I AM
     

EDINBURGH INTERNATIONAL FESTIVAL REVIEW

by Mavis Manus

I AM, the performance piece by Lemi Ponifasio that premiered recently at the Edinburgh International Festival, was created to mark the centenary of WW I. Ponifasio, artistic director of the New Zealand-based company, MAU, had this to say about his latest work:

“In war, no lasting victory has ever been accomplished and the victor and the vanquished are both robbed of their humanity. Art can point us or remind us of our ability to transform triumphantly without violence and pain.”

I AM begins with an ironic rendition of “God Save the Queen,” the tune that British military bands played while young men marched off to war. The production concludes with an image of a naked Christ writhing on the cross; the end result of jingoism is human suffering.

Ponifasio’s theme is dramatized in depth in I AM; extreme physicality, poetic movement, music, chanting, sound and light are all part of the theatrical mix.

Ponifasio works in a deliberate, precise way; his dancers, clad in black, move slowly across the stage, silhouetted against a slanting grey blackdrop. Then a voice barks out guttural commands and, under a hot white light, the civilians become soldiers taking part in a war, a war that explodes all around them with all the force and fury of an atomic attack.

I AM runs for nearly two hours, but the tension never lets up; the drama keeps building, intensifying. Sometimes a solitary figure appears and tries to sing over all the chaos and furor; it is a reflection of the struggle for redemption and deliverance taking place on stage–-man’s quest for peace in a time of strife.

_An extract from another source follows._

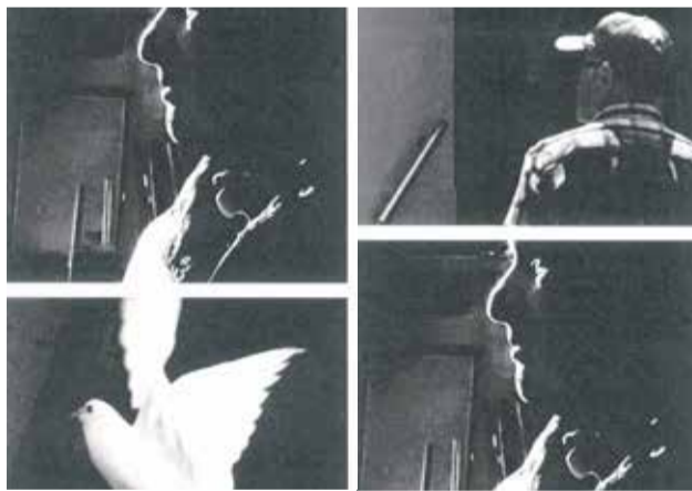
Fotografia guanyadora d'una altra edició.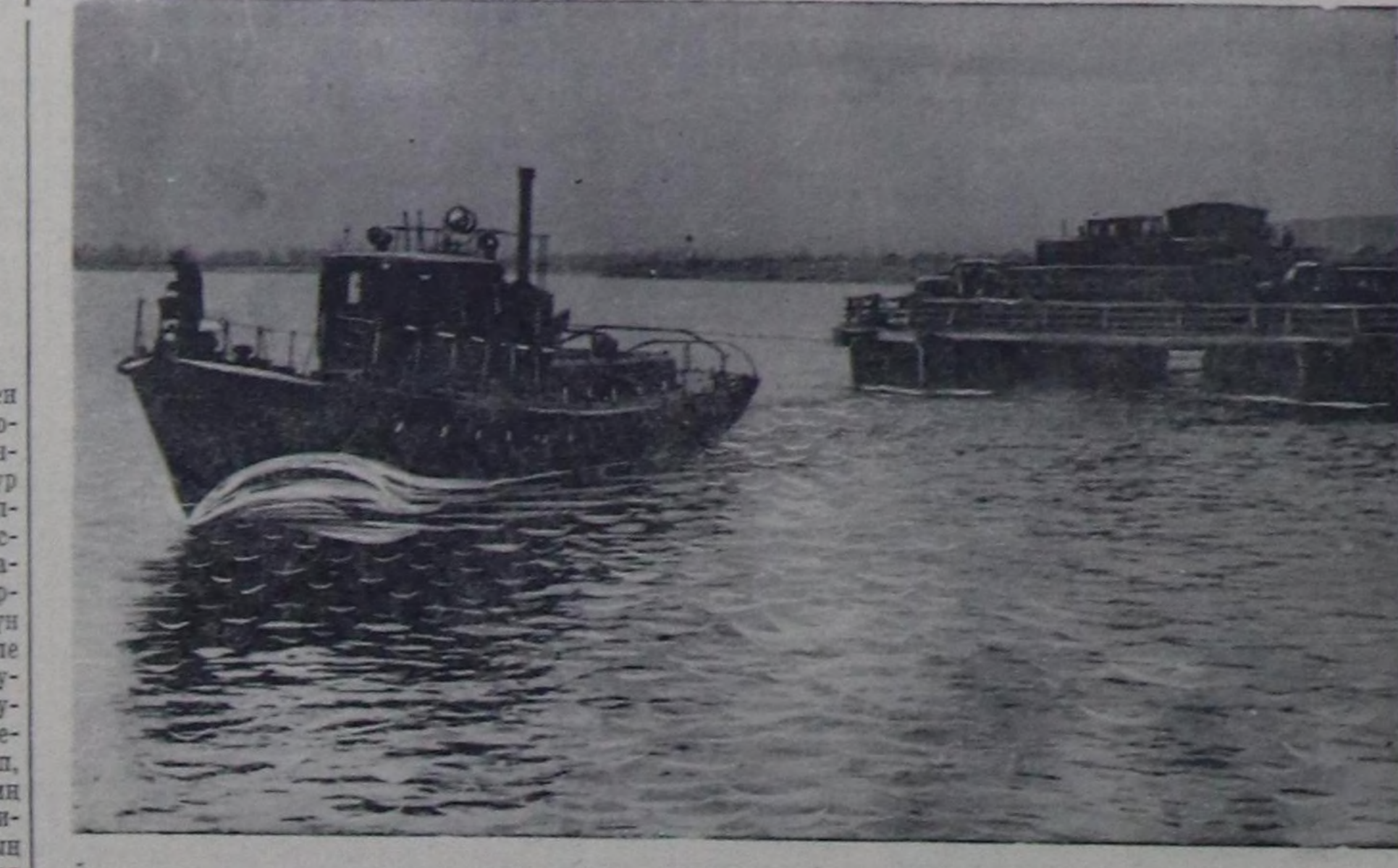
Улут-Хемни келип бар чорутуру.

Норвегияны болгаш Данияны чоңурун хөй куруузу барымы талакы куруелерин атомун дайынга белеткелени оларын чурттары киршилеп негеп турары Ослога болгаш конференция болгаш Копенгагенге болгаш хурал көргүзүп турар. Бичаарган, атом окулт «Поларис» деп ракеталар-биле чекселген суг азынган суг азынган беш хемелерин НАТО-ну коомалдыгына бээр дугайында ме-дел о ийи чурттарыны чоңуна кайы хере айымдыг дээрин билери бөрө эвес суг ала-биле чорутуп ол хемелерин чамдыкы Норвегияга болгаш Данияда тургустунган шериг-ла-лай базаларына көрдүгүн дээрин мындай билдинтир, чүге дээрге «Поларис» деп ракеталар «ортумак ыркышылдыг» болгаш «азынымы» чыгыр чоңуна тургузар кылдыр таарымчалыг боор турар. Норвегияны мугулдулары болгаш Данияны Балтыл дайында поортары «Поларис» деп ракеталарыг суг азынган америк хемелерине эи-не эптиг черлер болуп деп, НАТО-ну коомалдыгынын санап турары шагдан-на тура

Ponifasio was inspired by a painting by the New Zealand artist Colin McCahon, “Victory Over Death.” The former also drew on texts by Heiner Muller (“Hamlet Machine”) and Antonin Artaud (“To Have Done with the Judgment of God”). Ponifasio also designed and directed I AM, with the expert help of lighting designer Helen Todd.

The collaboration resulted in an evening of unforgettable images and heart-rending emotions.

I AM was a co-production of Festival d’Avignon, Ruhrtiennale, International Festival of the Arts, Edinburgh International Festival and Auckland Arts Festival.